Краснощекая, с темными и блестящими узенькими глазками Варька, пьяненькая, размякшая от самогоня, пухлым плечом подпирала Дементьеву голову, а сама разомлело шептала что-то прямо в ухо статному, с черными тонкими усами старосте сельской управы Ничипору Полтораку.

Почти трезвый, только слегка побледневший, Полторак не слушал горячего Варькиного шепота и хихиканья.

Встряхивая то и дело головой, будто отгоняя надоедливую муху, он тянулся мутным граненым стаканом к соседу по лавке и как заведенный повторял:

- ...Шнапс... Чуете, пане Шнапс?.. Да здравствует немецкая красная армия!

Но пан Шнапс, он же солдат немецкой дорожной службы "Тодт", шофер Вилли Шульц, в свою очередь не слушал и как будто совсем не замечал Полторака.

- Варрька!

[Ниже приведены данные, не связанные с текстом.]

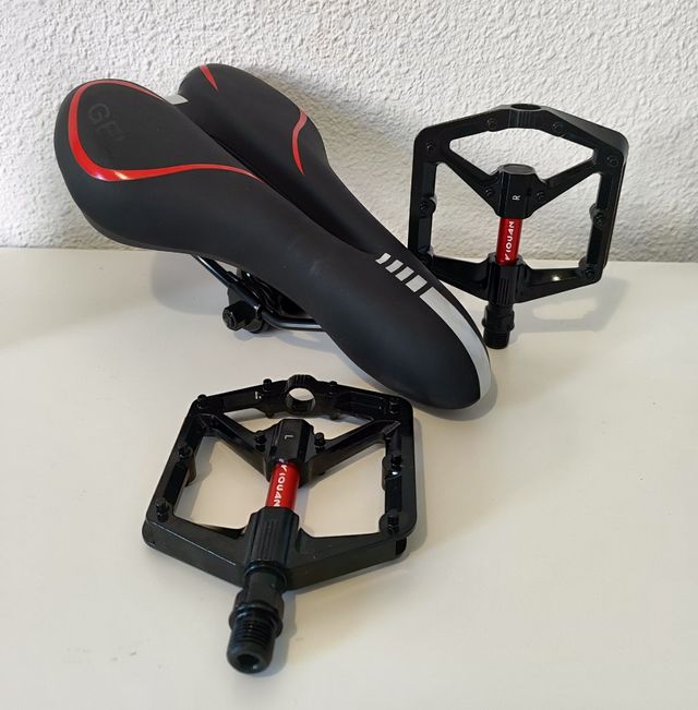 Conjunto de sillín ergonómico con acolchado de gel y pedales de aluminio ligeros, resistentes y antideslizantes. Perfecto para MTB, carretera o uso urbano. En muy buen estado, listos para montar y usar.

Уб-бью! - нудно тянул, причмокивая мокрыми губами, на Варькином плече Дементий.

- Хи-хи-хи! - пьяненько бормотала Ничипору в ухо молодка.

- Хай живе немецкая красная армия! - расплескивая самогон на колени Шульцу, повторял Полторак, считая, по-видимому, что все армии на свете, в том числе и гитлеровская, непременно должны называться "красными" и что тем самым он высказывает свое глубочайшее уважение к солдату этой армии Шульцу.

Но Вилли то ли игнорировал его, а может, вправду не слушал. Расстегнув потертый, засаленный мышасто-серый мундирчик, так что выглянула на свет грязная нижняя сорочка, надув впалые, землистые щеки, он самозабвенно выдувал из губной гармоники нескладный мотивчик солдатской песенки. Большие бесцветные глаза Вилли неподвижно смотрели куда-то в стену.

А лихой, чуть не в пляс, мотивчик "Лили Марлен" звучал у него совсем не весело, слышались в нем печаль и горький надрыв.

В углу, опрокинувшись навзничь на низенькие нары, в кителе, в сапогах, с пистолетом на боку, храпел, разинув рот, один из двух жандармов районного жандармского поста - Гуго Хампель, или просто Веселый Гуго.

Было тут еще трое полицаев из районной вспомогательной полиции, несколько соседок, уже в летах, а то и совсем старых, с испуганными лицами и тревожными глазами.

Четверо стариков сидели в конце стола, ближе к дверям. И между ними, под самым поставцом, седой дед с розовой лысинкой на темени и большим, в синих прожилках носом - Варькин отец Онисим Калита.

Все были либо совсем пьяны, либо сильно навеселе.

Разговаривали, не слушая друг друга, зычно, но вместе с тем вяло, будто опасались чего-то. Не было в этих разговорах той живости, задора, той буйной веселости, какая положена за праздничным столом.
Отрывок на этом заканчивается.